According to recent figures from the Association of Short Term Lenders, the number of bridging loans written in the first quarter of 2016 continued to rise. This increase in bridging lending activity is the result of more investors opting to secure short-term loans to finance property deals, highlighting how this type of finance is continuing to outstrip the mortgage market.
Bridging finance is being used for a number of purposes.
However, continued delays in obtaining high street finance for a long-term mortgage is worryingly still the main reason for borrowers accessing bridging finance, while refurbishment is a close second. These valuation and legal delays are essentially causing needless cost for borrowers, the latter being the largest contributor to delayed completions, emphasising the all-important issue of timing.
In my opinion, a panel of solicitors who are experienced in bridging finance should be made available to borrowers as an option, rather than a conveyancer who has never dealt with a bridging loan, highlighting how specialist knowledge is absolutely vital.
Why then is it still taking such a long time for mainstream mortgages to complete, even though the vast majority of the process is now automated and reliant upon technology? By comparison, bridging is known for speed, yet in the main, the process is still very much manual, with very little reliance on IT and automation. In fact, in most cases, each loan is underwritten individually on a case by case basis, with lending decisions based on factors such as loan-to-value and are more focused (in the main) on the property asset and less focused on the borrower. Of course the latter refers to non-regulated transactions.
However, even regulated bridging loans complete faster than main stream mortgage loans, which is why borrowers are increasingly turning to bridging finance when faced with mortgage delays. I believe that one of the reasons is because even for regulated bridging loans, interest is generally rolled-up, without the client having to service the debt with monthly repayments. Therefore, there is less onus on affordability assessment.
With interest rolled-up, the borrower repays the principle capital sum borrowed, plus interest and any fees capitalised on the loan, when they redeem. This is why in most cases the exit route is vital to any bridging deal and why the lender will consider how achievable it is for the borrower to obtain a mortgage to refinance the debt. Where exit is via sale, there is obviously not the need to assess income and the client’s ability to refinance the debt.
This flexibility means bridging loans are often completed in a much shorter timeframe. This coupled with faster SLA’s with third parties involved, such as solicitors and surveyors, who all turn around work faster for bridging than mortgage finance, are the main reasons why it can complete faster.
Therefore, the bridging sector is expanding significantly faster than the mainstream mortgage market and, as a result, it is not surprising that the short-term finance is becoming increasingly relied upon. However, despite this, the bridging finance market is still estimated to account for approximately 1.5% of the overall property transactions that complete each year.

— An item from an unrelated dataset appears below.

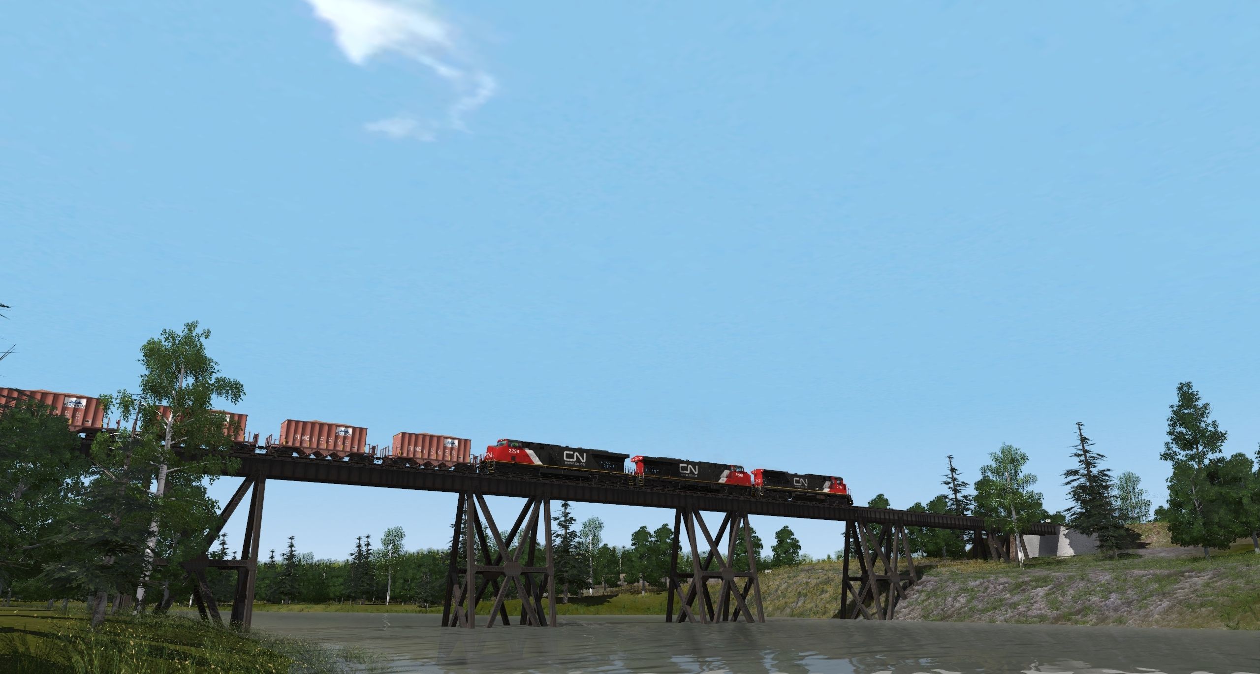 Tags: Trainz Railroad Simulator 2019, Michigan Iron Ore TRS19 v3.1P, Default, CN C40-8, MWPX C40-8, MWPX GP38-2, MWPX GP40-2, GP38-2 CN 4723-4729, GP38-2 CN #4700, CN ES44DC, CN C40-8W, BTVFD Hopper ORE FLATIRON MINING COMPANY BXRD Yellow stripe, BTVFD Hopper Versaflood FLATIRON MINING COMPANY, MWPX 140 ton flat car

It is clear that the short-term finance market which continues to grow and strive in innovation is good news for mortgage intermediaries and clients looking for specialist solutions. However, intermediaries must continue to inform and educate borrowers on how bridging is no longer a last resort solution, but a supple way of finding the best overall long term funding option.

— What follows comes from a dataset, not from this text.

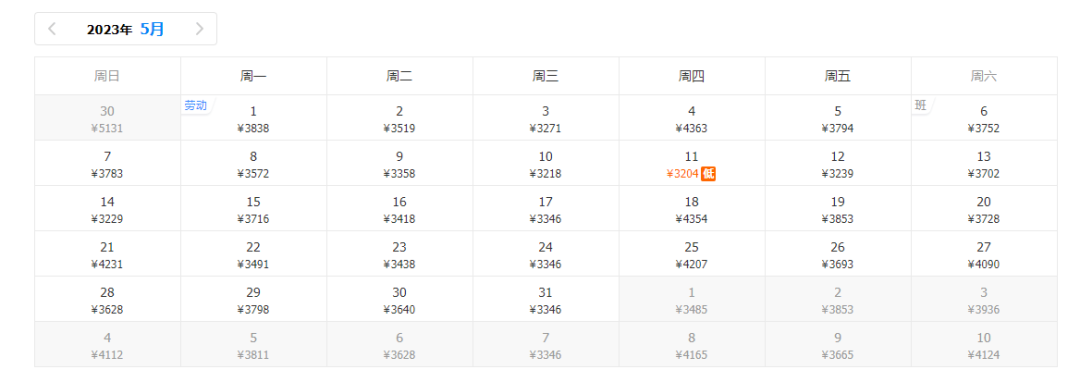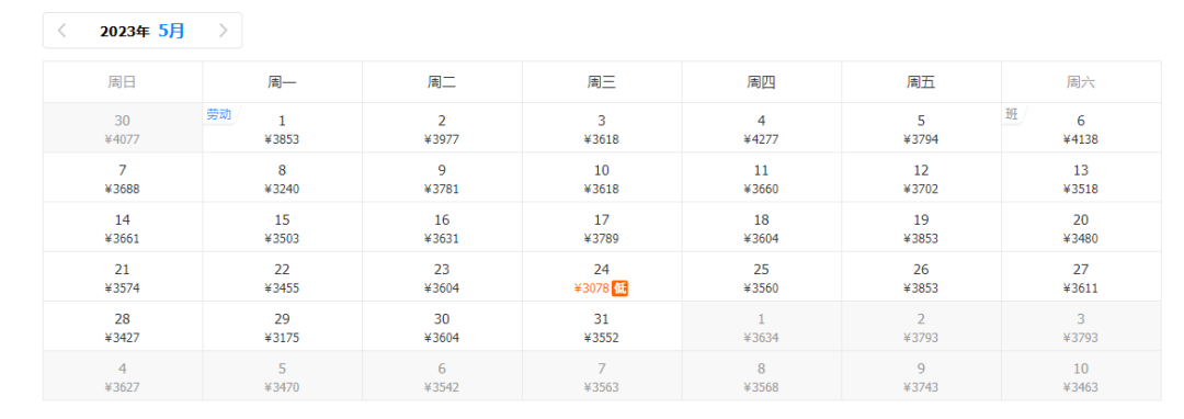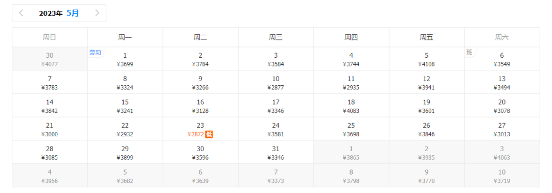 从现在到七月,综合来看票价最低的就是五月份啦!

Thanks to increasing volumes of business, flexibility, transparency and a greater awareness, bridging is gradually becoming more mainstream and, intermediaries that have never even considered bridging loans for their clients, will find it increasingly difficult to disregard.
The property market is fast-paced which means borrowers need rapid and flexible finance and, in short, continued delays in mortgage completions from high street lenders has contributed to the increase in borrowers accessing bridging loans.